Bjug Harstad (December 17, 1848 - June 20, 1933) was a Lutheran pastor, founding president of Pacific Lutheran University, and first president of the Evangelical Lutheran Synod.

==Biography==
Bjug Aanondson was one of ten children born on the Harstad farm in Valle Municipality in Nedenes county, Norway. In 1861 his family emigrated to the United States. Bjug was a student at Luther College from 1865 to 1871. He studied theology at Concordia Seminary in St. Louis from 1871 to 1874. It was his experiences there that became the model for the rest of his scholarly and religious life. After seminary, he traveled as a pastor to remote areas of Minnesota, where he built schools and churches.

Harstad married Guro Svensdatter Omlid in 1877. From 1877 to 1891 he was pastor in Mayville and missionary in the Red River Valley of North Dakota. He was the founder of seventeen congregations; president of the Minnesota District of the Norwegian Synod (1884-1892); and founder of three academies: Franklin School (1878), Gran Boarding School (1880), and the Bruflat Academy (1889), all in North Dakota.

The Lutheran Church sent Harstad to the Pacific Coast in 1889 to start a school. He visited Portland, Seattle, and Tacoma. It was decided that Brookdale, (now Parkland) in Pierce County, Washington, should be the Lutheran education center of the Northwest. Pacific Lutheran University Association was formed on December 11, 1890. Harstad was elected president of the association, and the Norwegian Synod formed a new Pacific District in June 1893. Harstad resigned his position as president of the Minnesota District, and acquired additional responsibilities by being elected president of the new Pacific District. He spent a considerable amount of time traveling to supervise the new far-reaching district and to raise money for the university.

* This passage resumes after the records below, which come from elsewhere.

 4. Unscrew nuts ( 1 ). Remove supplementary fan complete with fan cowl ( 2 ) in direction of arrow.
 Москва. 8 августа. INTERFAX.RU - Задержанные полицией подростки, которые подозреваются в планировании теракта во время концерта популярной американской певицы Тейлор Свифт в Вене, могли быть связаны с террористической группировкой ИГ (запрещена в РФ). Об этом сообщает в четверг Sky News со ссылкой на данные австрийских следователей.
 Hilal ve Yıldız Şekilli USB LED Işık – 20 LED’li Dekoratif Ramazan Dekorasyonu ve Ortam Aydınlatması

The cornerstone laying was held in 1891 and Old Main was completed in 1894. Pacific Lutheran University opened for classes on October 25, 1894, with 30 students. Harstad taught religion, Latin, German, and Norwegian. On October 3, 1895, Harstad stepped down from the presidency at the university and was replaced by Rev. Ole Grönsberg from San Francisco. After leaving the university, Harstad traveled through the Willamette Valley, ministering to churchless Norwegian immigrants. He then stayed in San Francisco serving the congregation that Grønsberg had left, which had had some difficulty securing a new pastor. In addition, Harstad spent much of this time attempting to persuade people to help the university pay off its debt. President Grønsberg resigned in April 1897, and Harstad was reelected president and served for the next year.

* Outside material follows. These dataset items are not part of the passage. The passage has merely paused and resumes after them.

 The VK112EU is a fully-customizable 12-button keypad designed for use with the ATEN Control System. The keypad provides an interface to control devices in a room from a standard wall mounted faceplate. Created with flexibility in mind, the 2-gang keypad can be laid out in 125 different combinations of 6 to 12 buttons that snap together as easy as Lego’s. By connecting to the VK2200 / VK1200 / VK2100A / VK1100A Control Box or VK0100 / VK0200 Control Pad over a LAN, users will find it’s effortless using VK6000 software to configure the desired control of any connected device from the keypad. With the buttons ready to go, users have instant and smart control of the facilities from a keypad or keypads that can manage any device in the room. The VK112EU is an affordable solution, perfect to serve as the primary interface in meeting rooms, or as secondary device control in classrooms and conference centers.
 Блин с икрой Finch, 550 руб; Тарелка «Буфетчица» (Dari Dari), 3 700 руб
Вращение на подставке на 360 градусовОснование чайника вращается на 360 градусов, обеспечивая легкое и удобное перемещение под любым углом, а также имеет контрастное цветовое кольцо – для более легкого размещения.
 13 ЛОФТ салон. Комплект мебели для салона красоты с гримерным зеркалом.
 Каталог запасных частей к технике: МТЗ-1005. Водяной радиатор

By 1898 gold had been discovered in Alaska, and Harstad became excited by the prospects of finding a fortune there. In February of the same year Harstad and Parkland resident Otis Larson left for Alaska on the SS City of Seattle. Harstad and Larson landed in Dyea, Alaska, and lived in a tent in sub-zero weather. They eventually staked a claim at Dawson City in the Yukon. The two men encountered adventurers, cold, mud, irreligion, and human vagaries, but no gold. After a year and a half, Harstad and Larson returned. Harstad continued as a member of the Board of Trustees until 1900, when his term was completed.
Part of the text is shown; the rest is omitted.